╔══

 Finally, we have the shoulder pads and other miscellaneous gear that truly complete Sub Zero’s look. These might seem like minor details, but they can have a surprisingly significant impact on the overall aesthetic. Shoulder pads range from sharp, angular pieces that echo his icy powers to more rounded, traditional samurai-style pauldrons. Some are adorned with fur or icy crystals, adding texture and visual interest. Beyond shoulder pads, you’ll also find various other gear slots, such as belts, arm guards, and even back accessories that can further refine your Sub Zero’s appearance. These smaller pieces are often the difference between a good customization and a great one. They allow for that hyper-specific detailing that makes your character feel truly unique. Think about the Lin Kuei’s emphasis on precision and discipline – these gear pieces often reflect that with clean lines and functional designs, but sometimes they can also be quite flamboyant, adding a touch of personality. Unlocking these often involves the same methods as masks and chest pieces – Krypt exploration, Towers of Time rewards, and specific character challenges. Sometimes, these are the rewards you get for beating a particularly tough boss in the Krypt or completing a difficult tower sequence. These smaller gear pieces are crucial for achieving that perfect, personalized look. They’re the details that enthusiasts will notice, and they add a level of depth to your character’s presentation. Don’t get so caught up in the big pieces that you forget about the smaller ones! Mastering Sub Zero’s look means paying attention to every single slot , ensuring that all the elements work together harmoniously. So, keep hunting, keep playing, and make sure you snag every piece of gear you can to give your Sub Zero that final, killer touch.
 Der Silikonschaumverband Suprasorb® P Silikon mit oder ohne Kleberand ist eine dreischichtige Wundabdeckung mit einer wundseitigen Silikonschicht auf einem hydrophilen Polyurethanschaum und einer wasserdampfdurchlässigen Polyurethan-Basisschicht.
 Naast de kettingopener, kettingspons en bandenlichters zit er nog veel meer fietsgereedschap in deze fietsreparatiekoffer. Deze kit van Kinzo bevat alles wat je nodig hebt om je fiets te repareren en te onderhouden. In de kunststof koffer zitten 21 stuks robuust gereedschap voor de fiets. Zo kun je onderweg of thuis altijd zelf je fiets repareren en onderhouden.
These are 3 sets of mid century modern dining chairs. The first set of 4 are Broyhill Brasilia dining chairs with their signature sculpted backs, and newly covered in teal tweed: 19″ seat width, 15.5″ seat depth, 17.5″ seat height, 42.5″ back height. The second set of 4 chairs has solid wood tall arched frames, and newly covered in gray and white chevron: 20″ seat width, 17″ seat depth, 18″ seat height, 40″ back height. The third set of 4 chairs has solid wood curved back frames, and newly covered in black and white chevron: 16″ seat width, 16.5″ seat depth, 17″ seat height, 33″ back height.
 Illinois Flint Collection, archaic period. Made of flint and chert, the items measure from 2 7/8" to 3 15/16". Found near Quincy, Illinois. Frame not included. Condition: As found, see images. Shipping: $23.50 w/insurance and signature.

╚══

▶ _Problem to solve_
For this exercise, restate every record word for word.

▶ _Answer box_
 Finally, we have the shoulder pads and other miscellaneous gear that truly complete Sub Zero’s look. These might seem like minor details, but they can have a surprisingly significant impact on the overall aesthetic. Shoulder pads range from sharp, angular pieces that echo his icy powers to more rounded, traditional samurai-style pauldrons. Some are adorned with fur or icy crystals, adding texture and visual interest. Beyond shoulder pads, you’ll also find various other gear slots, such as belts, arm guards, and even back accessories that can further refine your Sub Zero’s appearance. These smaller pieces are often the difference between a good customization and a great one. They allow for that hyper-specific detailing that makes your character feel truly unique. Think about the Lin Kuei’s emphasis on precision and discipline – these gear pieces often reflect that with clean lines and functional designs, but sometimes they can also be quite flamboyant, adding a touch of personality. Unlocking these often involves the same methods as masks and chest pieces – Krypt exploration, Towers of Time rewards, and specific character challenges. Sometimes, these are the rewards you get for beating a particularly tough boss in the Krypt or completing a difficult tower sequence. These smaller gear pieces are crucial for achieving that perfect, personalized look. They’re the details that enthusiasts will notice, and they add a level of depth to your character’s presentation. Don’t get so caught up in the big pieces that you forget about the smaller ones! Mastering Sub Zero’s look means paying attention to every single slot , ensuring that all the elements work together harmoniously. So, keep hunting, keep playing, and make sure you snag every piece of gear you can to give your Sub Zero that final, killer touch.
 Der Silikonschaumverband Suprasorb® P Silikon mit oder ohne Kleberand ist eine dreischichtige Wundabdeckung mit einer wundseitigen Silikonschicht auf einem hydrophilen Polyurethanschaum und einer wasserdampfdurchlässigen Polyurethan-Basisschicht.
 Naast de kettingopener, kettingspons en bandenlichters zit er nog veel meer fietsgereedschap in deze fietsreparatiekoffer. Deze kit van Kinzo bevat alles wat je nodig hebt om je fiets te repareren en te onderhouden. In de kunststof koffer zitten 21 stuks robuust gereedschap voor de fiets. Zo kun je onderweg of thuis altijd zelf je fiets repareren en onderhouden.
These are 3 sets of mid century modern dining chairs. The first set of 4 are Broyhill Brasilia dining chairs with their signature sculpted backs, and newly covered in teal tweed: 19″ seat width, 15.5″ seat depth, 17.5″ seat height, 42.5″ back height. The second set of 4 chairs has solid wood tall arched frames, and newly covered in gray and white chevron: 20″ seat width, 17″ seat depth, 18″ seat height, 40″ back height. The third set of 4 chairs has solid wood curved back frames, and newly covered in black and white chevron: 16″ seat width, 16.5″ seat depth, 17″ seat height, 33″ back height.
 Illinois Flint Collection, archaic period. Made of flint and chert, the items measure from 2 7/8" to 3 15/16". Found near Quincy, Illinois. Frame not included. Condition: As found, see images. Shipping: $23.50 w/insurance and signature.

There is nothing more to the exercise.